# 200-amp meter box, dual loads??



## mikewillnot (Apr 2, 2013)

One supplier suggested this. I'm running it by the inspector now, but it still wouldn't solve the neutral problem.

http://www.nsiindustries.com/catalog/nsiproducts/connectors/transformer-lugs/ts250-2


----------



## HackWork (Oct 2, 2009)

https://www.cesco.com/Milbank-K4977...ector-6-AWG-350-KCMIL-12-1-0-AWG-Tap/p2035987
https://www.cesco.com/resources/pdf_455/ID-SPE-v1-784572274365_SS.pdf


----------



## mikewillnot (Apr 2, 2013)

HackWork said:


> https://www.cesco.com/Milbank-K4977...ector-6-AWG-350-KCMIL-12-1-0-AWG-Tap/p2035987
> https://www.cesco.com/resources/pdf_455/ID-SPE-v1-784572274365_SS.pdf



That could work. Awesome. I'll run it by my guy. THX


----------



## HackWork (Oct 2, 2009)

2 questions for my own curiosity.

Why do you want to replace the meter base? Will the lug adapters I posted work on the old meter base?

How much current you looking to feed the garage with? Those lugs are good for 1/0 which is 150A, but that additional load might be too much for the service if the inspector asks for a load calc.


----------



## mikewillnot (Apr 2, 2013)

The meter is on a pole, where the car gets parked. The tap is for a 50-amp breaker & EV charging outlet on the pole. The job is a 1.5 hr drive, 1-way, and I'm working so far from pictures. Not sure what brand the meter box is. POCOs around here require horn bypass, and with some brands, the part that this would replace includes the horns (not so with milbank, where the horn is part of the clamp base. I won't know about the existing meter box until I get to the job, so I'm going to bring a Milbank with me, with this kit. Expect the worst.


----------



## HackWork (Oct 2, 2009)

I see. 

Those lug adapters with a new meter base should work just fine. They're genuine Milbank parts and UL listed for use in the way you intend to use them, so I can't see an issue.


----------



## mikewillnot (Apr 2, 2013)

Job went away. Couldn't get a permit, because the location was in front of an illegal (not a) parking spot.


----------



## CoolWill (Jan 5, 2019)

mikewillnot said:


> Job went away. Couldn't get a permit, because the location was in front of an illegal (not a) parking spot.

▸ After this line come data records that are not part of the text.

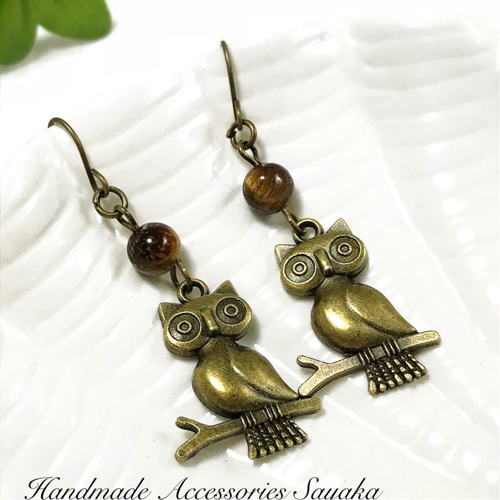- 新品即決◆ハンドメイド ピアス 天然石 タイガーアイ フクロウ ふくろう 鳥 手作り アクセサリー 金古美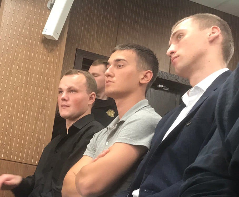 Рассмотрение дела Устинова заняло два дня. На суде Лягин заявил, что Павел, мол, выкрикивал лозунги, а во время задержания шестью росгвардейцами в броне причинил Лягину сильнейшие моральные и физические страдания. Вот этот Лягин на фото в центре. Лягин и другие свидетели. Благодаря которым ни в чем не повинный молодой человек получил ТРИ С ПОЛОВИНОЙ ГОДА!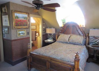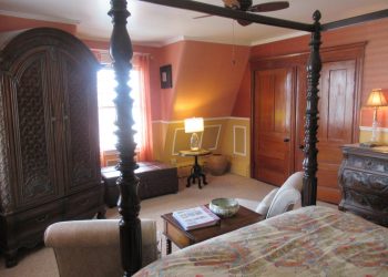 Located on the third floor of the Rockmere, this front ocean view room is decorated in shades of burgundy, gold white and green.  The Ethan Allen queen size Victorian High Back carved bed will make you fell like Royalty sleeping in it!  A marble top dresser and side upholstered chair complete the furniture along with a pull-out twin-size leather ottoman bed.   There is also a 32” flat screen TV and a mini refrigerator in this room plus air conditioning during the warmer months and wireless internet access.  There is a full bath with a tub and shower included in this room.

So there can never be work done on this building? How is it the building's fault?


----------



## mikewillnot (Apr 2, 2013)

CoolWill said:


> So there can never be work done on this building? How is it the building's fault?

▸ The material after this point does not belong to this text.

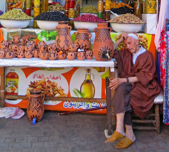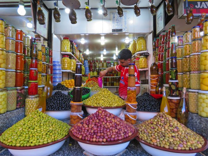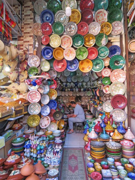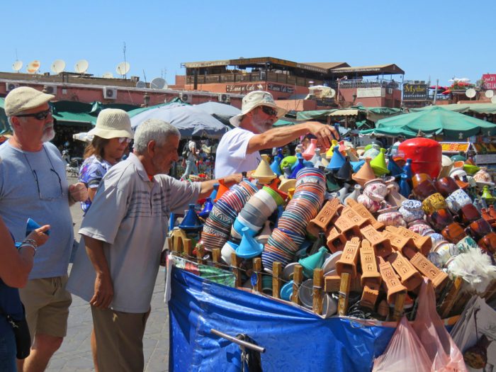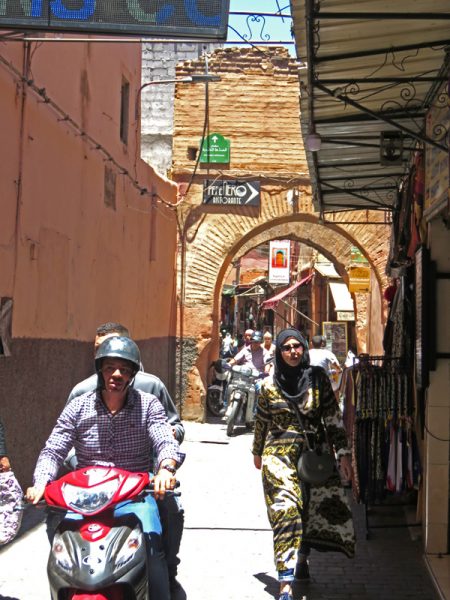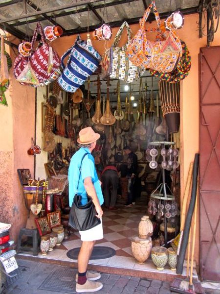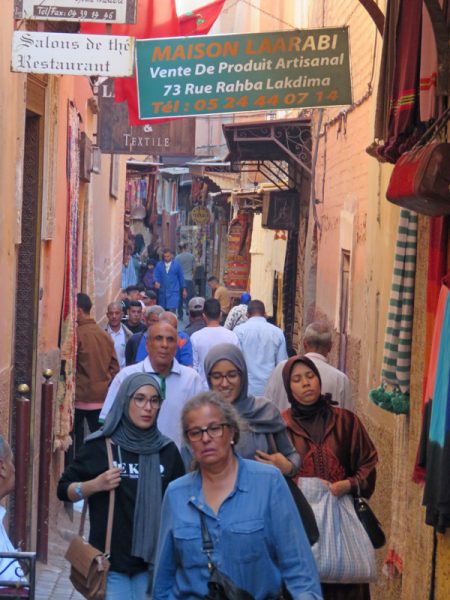 We eased into the day yesterday, our first full day in Marrakech and it was late morning before we got out. Our accommodation is very neat and its enjoyable to just sit inside for a bit. We could hear the call to prayer through our open windows. Our host had indicated that we could pay for things with Visa or Euros. However we are finding that like Mexico cash is what is expected. We changed some Euro into Moroccan Dirham, the rough rate of exchange is 100MAD per 1EUR. Some merchants will accept Euro but give you change back in MAD. We have only found three restaurants that accept credit cards. We spent a good part of the day walking the narrow streets and also walked about Djemaa el Fna and went back later in the evening for sunset and dinner. Very generally I can say that the vendors are very polite and not pushy at all. They try to engage you in a variety of different languages. We are often asked if we are Australian. Everyone breaks out in a huge smile when they find out that we are from Canada. I keep complicating things by speaking Spanish instead of French. My mind is thinking French but my mouth automatically expresses Spanish. Even if I start a conversation in French, half of it comes out in Spanish. Does that mean I am losing my French?

The intended work (i.e. "location") was on a pole at the edge of the road in front of the home. 

We found a work-around.


----------



## JoeSparky (Mar 25, 2010)

Yet another reason to NEVER PULL PERMITS!


----------



## Switched (Dec 23, 2012)

JoeSparky said:


> Yet another reason to NEVER PULL PERMITS!


Doing a service change and adding a circuit.

The city wanted fully drawn plans for the circuit. I said "Then I am just doing a service change".

Why on earth do you need a full set of plans (3 copies) for adding a single circuit with one receptacle?

Yet another reason to skip the permits.


----------